IMPORTANCE Our study demonstrates the antimicrobial and anti-inflammatory effects of the combination of DMSO and PEG400 against Pseudomonas aeruginosa in vitro and in vivo in a murine infection model of heightened intestinal permeability. The aim of this study is to draw attention to the appropriate selection of solvents for difficult-to-solubilize anti-infective compounds, to avoid interference with the assay or system tested. This is an extremely important consideration, since potential antimicrobial and anti-inflammatory effects of the solvent vehicle are detrimental to research studies on the efficacy of new anti-infective agents, given that the vehicle effect can mask the effect of the tested compounds. Our results can therefore be of great value to the scientific community, as they can guide researchers in the future to avoid this significant pitfall that can cost substantial amounts of money and valuable time during investigations of the effects of novel, difficult-to-solubilize antimicrobial compounds.

KEYWORDS: DMSO, PEG, PEG400, excipient, Pseudomonas aeruginosa, intestinal permeability, intestinal inflammation, virulence, antivirulence

INTRODUCTION

Dimethyl sulfoxide (DMSO) and polyethylene glycols (PEGs) have long been used as versatile excipients in the formulation of pharmaceutical agents (1) (https://www.accessdata.fda.gov/scripts/cder/iig/index.cfm?event=BasicSearch.page, search for inactive ingredient name: dimethyl sulfoxide; polyethylene glycol). They have frequently been used to improve the solubility of compounds that are difficult to solubilize in water or aqueous solvents (24). Even though seemingly alluring for solubility purposes, these agents individually have been shown to possess antimicrobial (410) (https://www.dmso.org/articles/information/herschler.htm) and anti-inflammatory properties (6, 11, 12). More specifically, DMSO has been suggested to exert its antimicrobial effects as a result of bacterial membrane penetration and perturbation (13, 14), while PEGs are thought to lead to bacterial cell clumps and microbial morphological alterations that eventually lead to bacterial killing (7). This profile might make them less favorable when used as excipients of new compounds that need to be tested for their antimicrobial efficacy. This problem becomes even more prevalent if the tested compound is expected to affect bacterial virulence without exhibiting bactericidal or bacteriostatic properties. Solubilizing such compounds in DMSO or PEGs could significantly compromise the anti-virulent compounds’ efficacy testing.
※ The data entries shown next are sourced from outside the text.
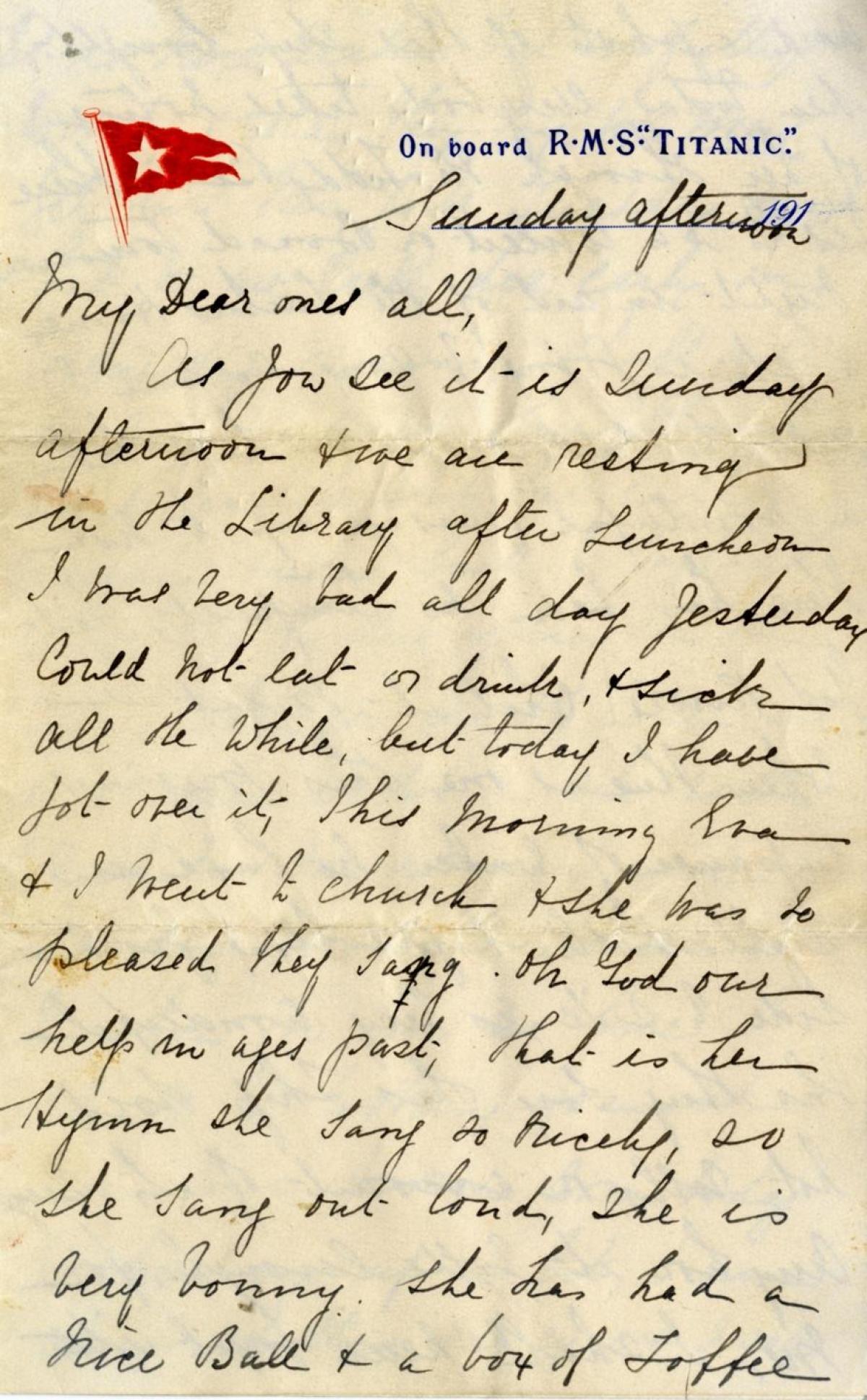 Redactată de Esther Hart, o supravieţuitoare de pe Titanic, scrisoarea nu a fost expediată niciodată. Esther trebuia să o expedieze mamei sale, după revenirea pachebotului la Southampton, în sudul Angliei, în aprilie 1912.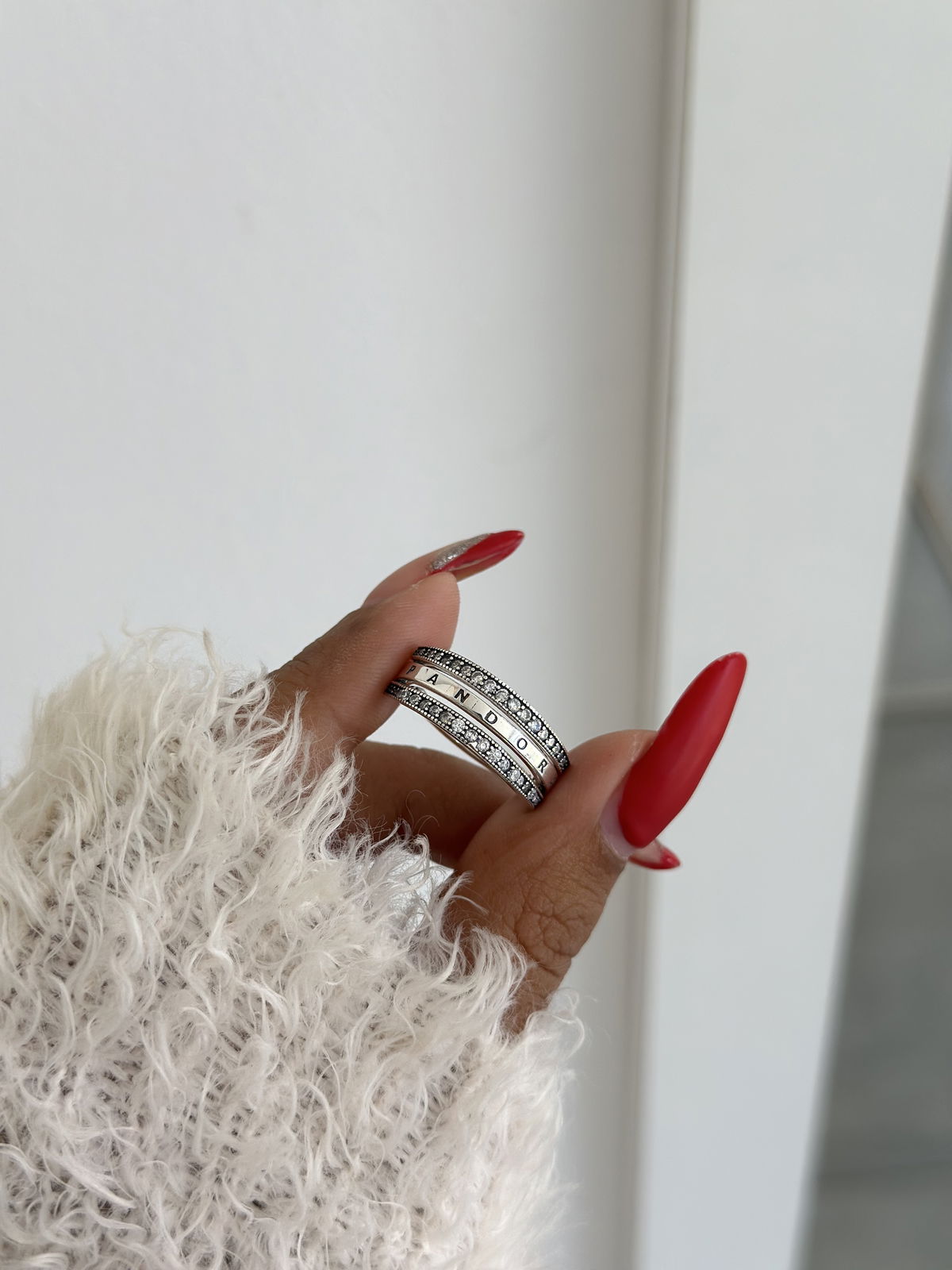 Anillo triple giratorio con brillo Pandora, 17mm plata925.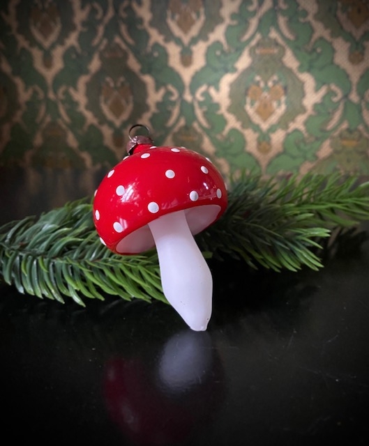 Juletrepynt julekule ornament sopp fluesopp håndmalt glass 1950/60-tallet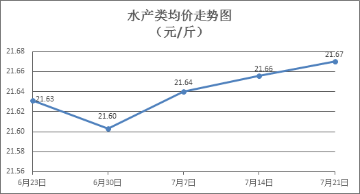 水產(chǎn)類商品價(jià)格微幅上漲。所監(jiān)測(cè)的10種水產(chǎn)商品價(jià)格波動(dòng)情況為5漲2跌3平,綜合均價(jià)為每斤21.67元,環(huán)比上漲0.06%。其中:草魚(yú)、鰱魚(yú)、鱸魚(yú)、羅非魚(yú)、基圍蝦零售均價(jià)分別為每斤11.26元、9.17元、21.71元、8.90元、29.82元,環(huán)比分別上漲0.45%、下降0.86%、上漲0.65%、上漲0.34%、下降0.40%。

Our group has developed a new family of antimicrobial compounds against Pseudomonas aeruginosa (PA) that target bacterial virulence (1519). To solubilize these novel compounds, we used a combination of DMSO and PEG400 to assess their effects in a clinically relevant murine PA infection model. This combination of excipients was chosen over a number of other options because it provided the best solubility for our compounds. The DMSO-PEG400 combination in the vehicle control group revealed an auspicious role in host intestinal permeability, intestinal inflammation, and systemic bacterial dissemination. Here, we aimed to demonstrate the DMSO-PEG400 antimicrobial and anti-inflammatory effects in vivo and draw attention to the appropriate selection of solvents for difficult-to-solubilize anti-infective compounds to avoid interference with the assay or system tested.

METHODS AND RESULTS

Effect of DMSO-PEG400 on bacterial growth in vitro.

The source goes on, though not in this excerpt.